I thought the HSAs build up money just like IRAs. Plus the money you put in every year (up to about $5250 for couples) is tax deductible. Also the money you take out every year for medical/dental is tax free.
Quote:
Tax Deductible Contributions
HSAs allow you to legally avoid federal income tax by saving 100% of the health plan's deductible, up to $2650 for singles or $5250* for families, into your HSA account. Whatever you deposit into your account up to April 15, is an "above the line" tax deduction for the previous year's income taxes, meaning you get a federal income tax deduction for money you put in even if you don’t itemize deductions. If your employer makes an HSA contribution for you, it is “excluded” from income, and not subject to any income tax or FICA. Either way, this will immediately reduce your federal income tax due for the year.

*maximum for a family in 2005. Individuals over age 50 may deposit into their account and take a tax deduction of an additional $600.

Tax-subsidized Medical Expenses
Even though you have received a tax deduction by putting your money into this account, the money is still yours to spend tax free, as long as you spend it on qualified medical expenses.
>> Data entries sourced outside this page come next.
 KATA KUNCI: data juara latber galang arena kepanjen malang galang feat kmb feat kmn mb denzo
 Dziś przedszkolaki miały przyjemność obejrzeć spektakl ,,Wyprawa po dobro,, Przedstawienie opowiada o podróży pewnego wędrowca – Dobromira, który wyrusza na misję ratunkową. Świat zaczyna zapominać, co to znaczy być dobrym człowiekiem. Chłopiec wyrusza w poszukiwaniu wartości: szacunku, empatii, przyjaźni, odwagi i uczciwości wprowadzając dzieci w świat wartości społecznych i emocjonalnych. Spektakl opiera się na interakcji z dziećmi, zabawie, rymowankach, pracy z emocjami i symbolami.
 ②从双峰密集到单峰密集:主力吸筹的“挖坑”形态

Since you have a high-deductible plan, this would of course include any expenses you incur from going to the doctor, purchasing prescription drugs, or paying other expenses toward your deductible. Once your deductible is met, the health insurance covers your medical expenses as defined in the policy.
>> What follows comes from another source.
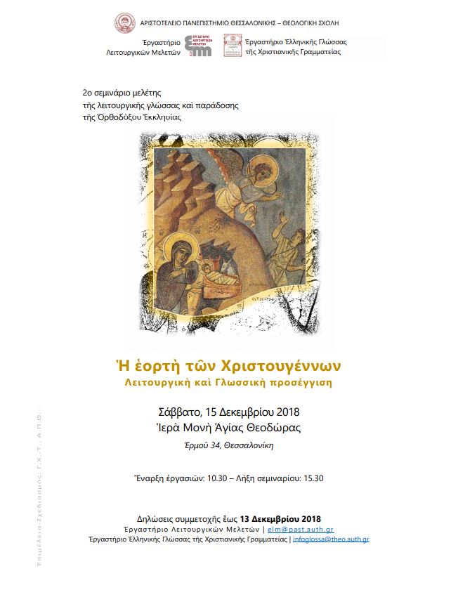 Το Εργαστήριο ΕΛΛΗΝΙΚΗΣ ΓΛΩΣΣΑΣ ΤΗΣ ΧΡΙΣΤΙΑΝΙΚΗΣ ΓΡΑΜΜΑΤΕΙΑΣ (Τμήμα Θεολογίας) και το Εργαστήριο ΛΕΙΤΟΥΡΓΙΚΩΝ ΜΕΛΕΤΩΝ (Τμήμα Ποιμαντικής και Κοινωνικής Θεολογίας) της Θεολογικής Σχολής του ΑΠΘ πραγματοποιούν σειρά εκπαιδευτικών Σεμιναρίων που στοχεύουν στη μελέτη και ανάδειξη της λειτουργικής γλώσσας και παράδοσης της Ορθοδόξου Εκκλησίας.

In addition to being able to withdraw your money tax free to cover these types of expenses (which might otherwise be covered by a traditional low-deductible high-premium policy), you can use your HSA account to cover other costs that would not normally be covered by a health insurance policy.

Long-term savings
A particularly appealing aspect of HSAs is that they encourage individuals to stay healthy. Any money from your HSA account that is not used to pay medical expenses is yours to keep. The money grows in the account free from federal taxes and remains free from federal tax when you take it out if it is used for qualified medical expenses. There is a 10% penalty if the funds are withdrawn before age 65 for a non-medical expense, but after age 65 they can be withdrawn penalty-free for any reason (you do pay income tax on the money withdrawn).